1.    Chemistry matters

  • Choose investors who have the right contacts and bring genuine commercial and strategic expertise to take your business to the next stage of growth.

  • Put together an ‘A-list’ of potential investors and prioritise your time with these before moving down to your ‘B’ list and so on. Research who are the main investors in your space and find out as much as you can about them and work out the rationale why they should invest in you before you make your approach.

  • Ask them questions too and be honest with yourself if you can really work together, if that’s expected. Speak to the owners of businesses the investors have previously backed and do your own due diligence.

2.    Have a plan

  • Take the time to prepare all the required financial information and formulate a business plan and pitch document. Don’t forget to really focus in on your business purpose and ambition. Be ready in advance for any due diligence by making sure you tidy up your systems, processes and compliance beforehand. You will be asked for a wide ranging amount of information as some investors, particularly private equity, will look at everything!

  • Put together a timetable marking out the key milestones of the fund raise and make time in your diary to attend presentations, meetings and your day job, of course!

3.    Get an accurate valuation

  • Unrealistic valuations of your business can stifle your chances at the first hurdle particularly if you intend to conduct a series of ongoing fundraises as each round will be at a higher valuation.

  • The valuation will also determine the level of dilution for existing shareholders so it is important they have all bought into this before you embark the fundraise.

  • Research similar companies’ valuations of listed companies and M&A transaction history as well as sourcing up to date market intelligence on current investor and buyer appetite

4.    Set up an Enterprise Investment Scheme (EIS)

  • Certain companies can qualify for raising finance under the EIS. This can offer very attractive tax incentives for individuals to invest in such companies - for example, income tax relief at 30% on the cost of the shares and the deferment on capital gains tax on the sale of other assets if the gain is reinvested into EIS shares. Check out the EIS guidance provided by the HMRC for full conditions and requirements to qualify.

5.    When an offer comes in, look at the terms and conditions carefully

  • Offers of finance can be complex, for example, equity ratchets, and they should be looked at in the context of completion, but also in terms of what happens on a subsequent sale after any loan stock is converted and debt repaid. Equity ratchets help flex the percentage stake of the investor and management based on the how the business performs so you need to look at various scenarios and ensure you are comfortable with this.

  • Consider carefully the rights an investor is requesting to attach to the shares being issued. There can be subtle differences between different shares, but in general terms the two main categories are:

    • Ordinary shares: usually have the option to vote at shareholder meetings where decisions are made around dividend payments and salary packages of the board members; and

    • Preference shares:  can be treated preferentially to other classes of shares in terms of payment of dividends.

  • Draw up a shareholder agreement which defines the relationship between all or some of the shareholders (e.g. a particular class of share).
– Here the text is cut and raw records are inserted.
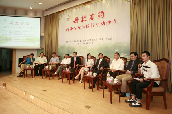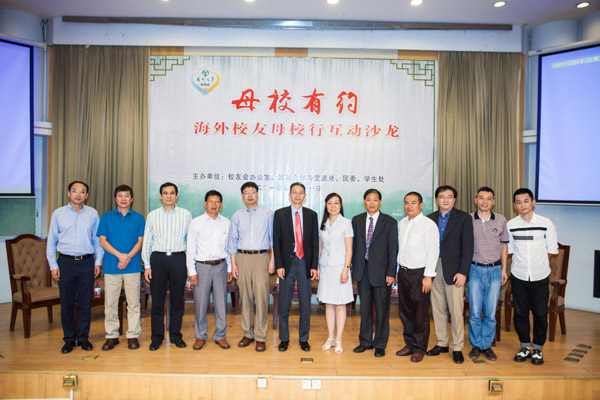 美国贝勒医学院李毅副教授、美国俄克拉何马州立大学严六零副教授、美国南达科塔州立大学顾兴友教授、美国明尼苏达大学李玲教授、美国拉什大学芝加哥医学中心徐秀龙副教授、美国阿拉巴马州立大学吴红专副教授、美国MTI集团技术主管毛健、美国生物梅里埃公司首席生物信息研究员李俊州、美国阿马西亚布拉什有限公司负责人雷兆寿等9位来自北美的校友与在校生互动交流。
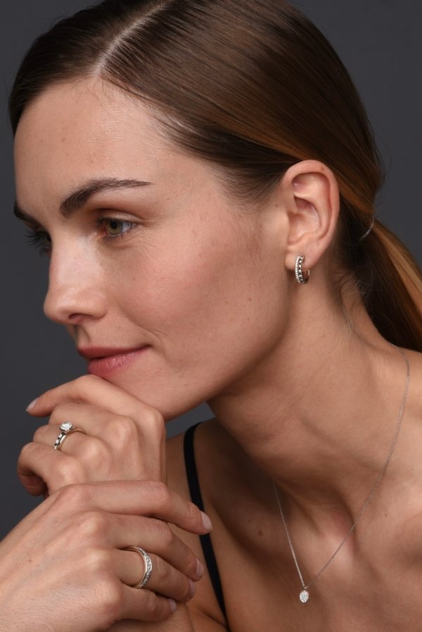 750 prabos geltonas arba baltas auksas. Balti deimantai: idealaus šlifavimo, RW+, VS ~0.15 ct. Juodi deimantai: ~0.09 ct.
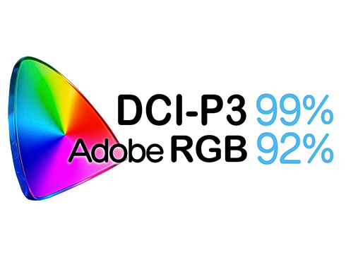 最大輝度250cd/m2の液晶パネルは、DCI-P3:99%、Adobe RGB:92%の広色域に対応し、動画や写真も色鮮やかに美しく表示します。
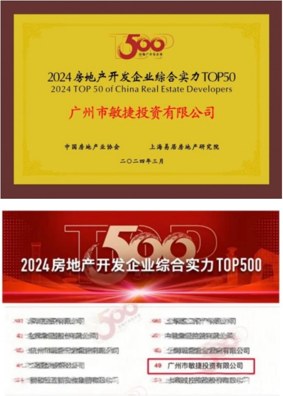 2024年3月20日,由中國房地產(chǎn)業(yè)協(xié)會、上海易居房地產(chǎn)研究院共同主辦的“新模式 新發(fā)展·中國房地產(chǎn)企業(yè)發(fā)展高峰論壇”在北京順利啟動;顒赢斕,“2024房地產(chǎn)開發(fā)企業(yè)綜合實力TOP500測評成果”榜單正式發(fā)布,敏捷集團憑借優(yōu)秀的企業(yè)綜合實力、穩(wěn)健的高質(zhì)量發(fā)展能力、良好的市場口碑等,榮膺“2024房地產(chǎn)開發(fā)企業(yè)綜合實力TOP50”第49位,這是敏捷集團首次躋身前50強,同時也是敏捷集團連續(xù)八年蟬聯(lián)“中國房地產(chǎn)開發(fā)企業(yè)100強”。
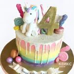 Торт на 4 года из мастики с единорогом и радугой
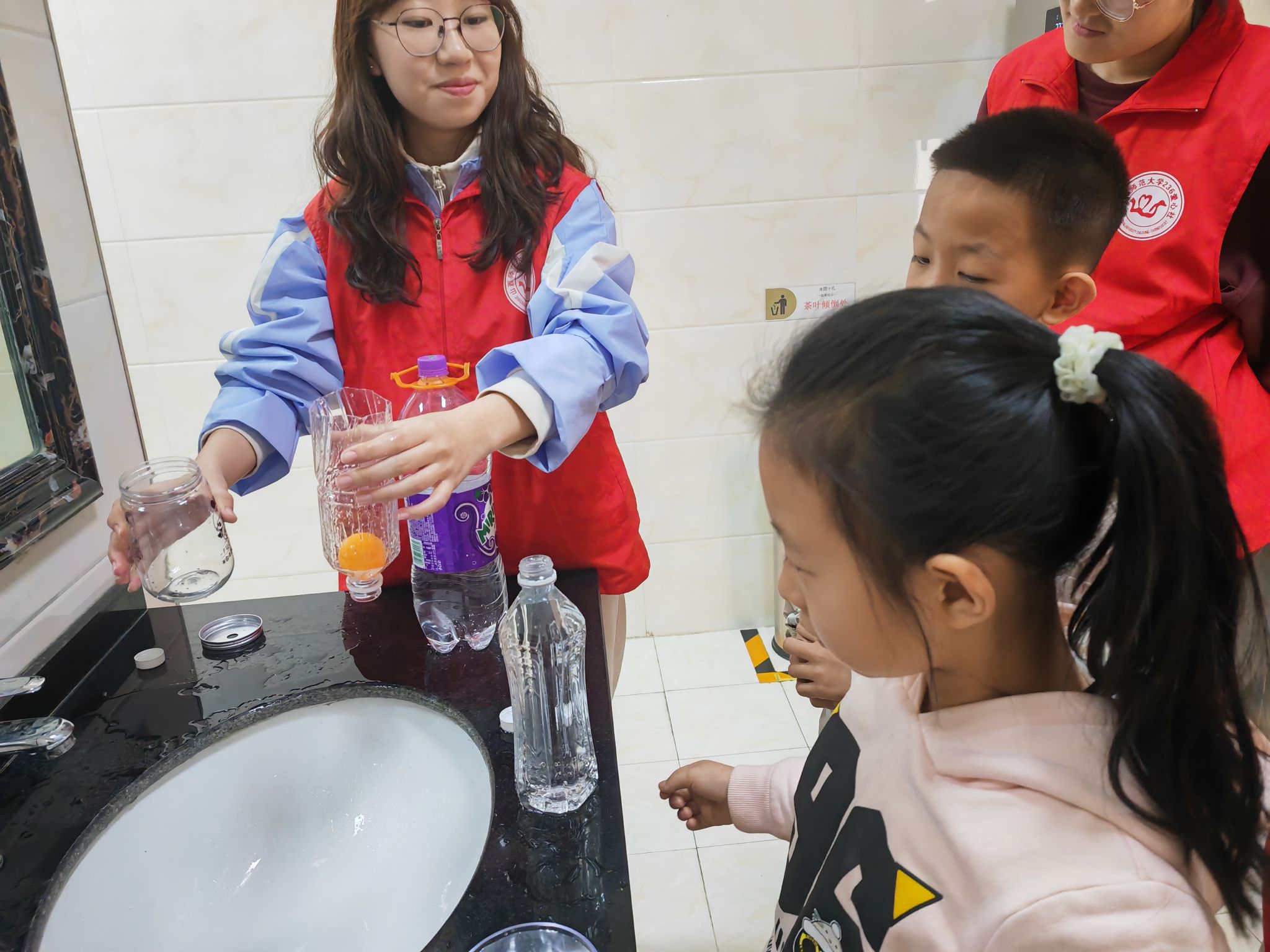 活动中,志愿者们给北营社区的小朋友们辅导作业,耐心地帮助他们解决学习中遇到的困难和问题。课余时间,志愿者为孩子们开设了科普物理小实验特色课堂,不能上浮的乒乓球、覆杯实验、水的张力等等丰富多彩的物理实验,将生活中的科学知识通过实验的方式直观生动地呈现在孩子们的面前,在志愿者的引导下,孩子们积极动手,表现出了对科学知识的浓厚兴趣,也让他们学习到了一些生活中的科学知识。

It protects the shareholders’ investment in the company, how the company is run and sets out the shareholders’ (minority and majority shareholders) rights and obligations. You will see provisions on what happens on the sale of the shares including compulsory transfer of shares, pre-emption rights and drag along and tag along rights.

  • It is wise to get financial and legal advice to ensure you fully understand the implications of any investment. They should be brought in at an early stage to guide you and run the process for you allowing you more time to get back to focusing on growing your business.

The information contained on this page is intended to be a summary of some of the available options and does not amount to tax advice and therefore should not be relied upon alone. Independent tax advice should be sought before entering into any finance arrangement.